Using laser-cooled strontium, Killian and graduate students Grant Gorman and MacKenzie Warrens made a plasma about 1 degree above absolute zero, or about -272 degrees Celsius, and briefly trapped it with the forces of surrounding magnets.

It’s the first time ultracold plasma has been magnetically confined, and Killian, who has studied ultracold plasmas for more than two decades, said it opens the door to studying plasmas in many environments.

“This provides a clean and controllable test bed for studying neutral plasmas in much more complex places, such as the sun’s atmosphere or white dwarf stars,” said Killian, professor of physics and astronomy.

“It’s really helpful to have the plasma so cold and to have these very clean lab systems. Starting with a simple, small, well-controlled, and well-understood system allows you to eliminate some of the clutter and really isolate the phenomenon you want to see. “

That’s important to study co-author Stephen Bradshaw, a Rice astrophysicist who specializes in studying plasma phenomena in the sun.

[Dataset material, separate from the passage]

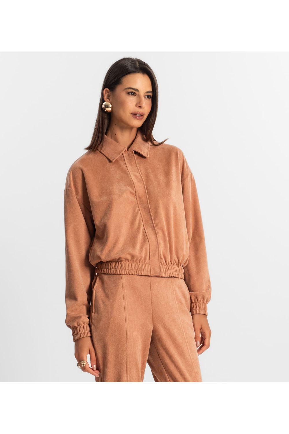A Jaqueta Feminina Rovitex, confeccionada em Suede Sarjado, é uma peça sofisticada e cheia de estilo. Possui gola entretelada com pesponto, conferindo um acabamento estruturado e elegante. O ombro deslocado adiciona um toque moderno, enquanto o bolso lateral com pesponto oferece funcionalidade e charme. O punho virado com elástico proporciona um ajuste confortável, e a vista entretelada com fechamento por botões de pressão adiciona um detalhe prático e refinado. Ideal para criar looks versáteis-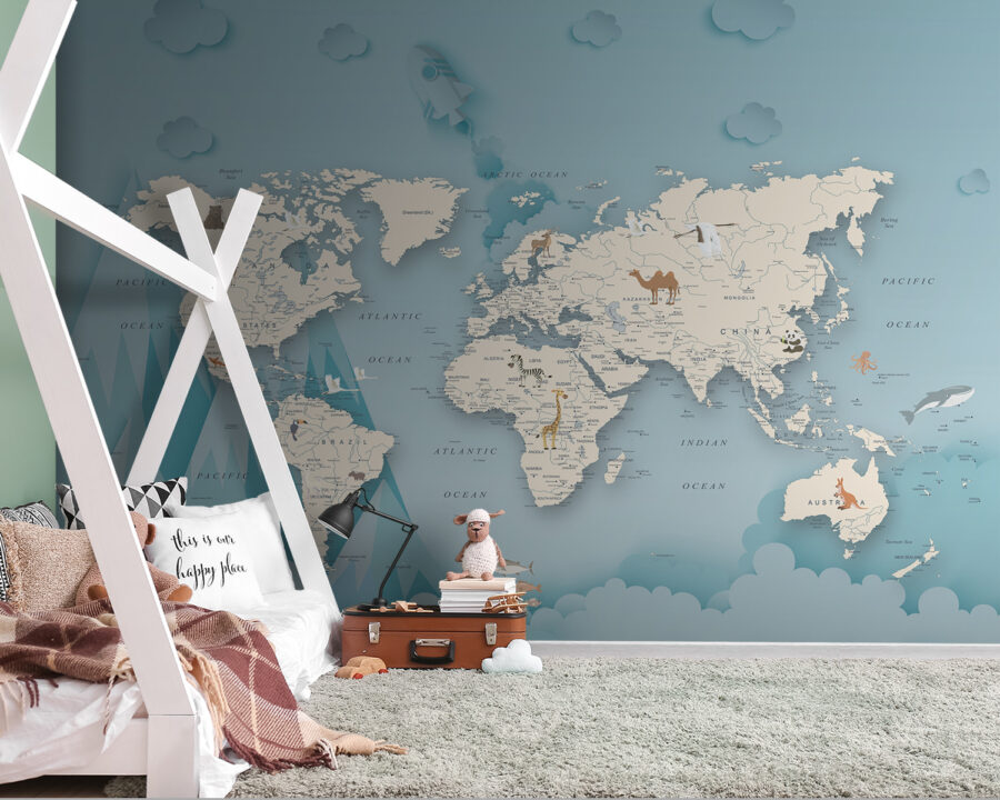 Dive into a world of imagination with this whimsical wall mural featuring a charming camel on a map. Perfect for sparking curiosity, this piece brings a fun twist to your little one’s space. Picture them dreaming of adventures across continents, surrounded by playful illustrations. The soft colors create a calming atmosphere, while the cute animals peek out, ready to be discovered. Whether it’s a cozy reading nook or the main wall in a playroom, this mural transforms any area into a journey of exploration. Who knows, it might even inspire a future globetrotter!

“Throughout the sun’s atmosphere, the (strong) magnetic field has the effect of altering everything relative to what you would expect without a magnetic field, but in very subtle and complicated ways that can really trip you up if you don’t have a a good understanding of it, ”said Bradshaw, associate professor of physics and astronomy.

Solar physicists rarely get a clear observation of specific features in the sun’s atmosphere because part of the atmosphere is between the camera and those features, and unrelated phenomena in the middle atmosphere obscure what they would like to observe.

“Unfortunately, because of this line-of-sight problem, observational measurements of plasma properties are associated with a lot of uncertainty,” Bradshaw said. “But as we improve our understanding of the phenomena and fundamentally use laboratory results to test and calibrate our numerical models, hopefully we can reduce the uncertainty in these measurements.”

Four states of matter

Jeff Fitlow / Rice University

Plasma is one of the four fundamental states of matter, but unlike solids, liquids, and gases, plasmas are generally not a part of everyday life because they tend to occur in very hot places like the sun, lightning, or lightning. candle flame.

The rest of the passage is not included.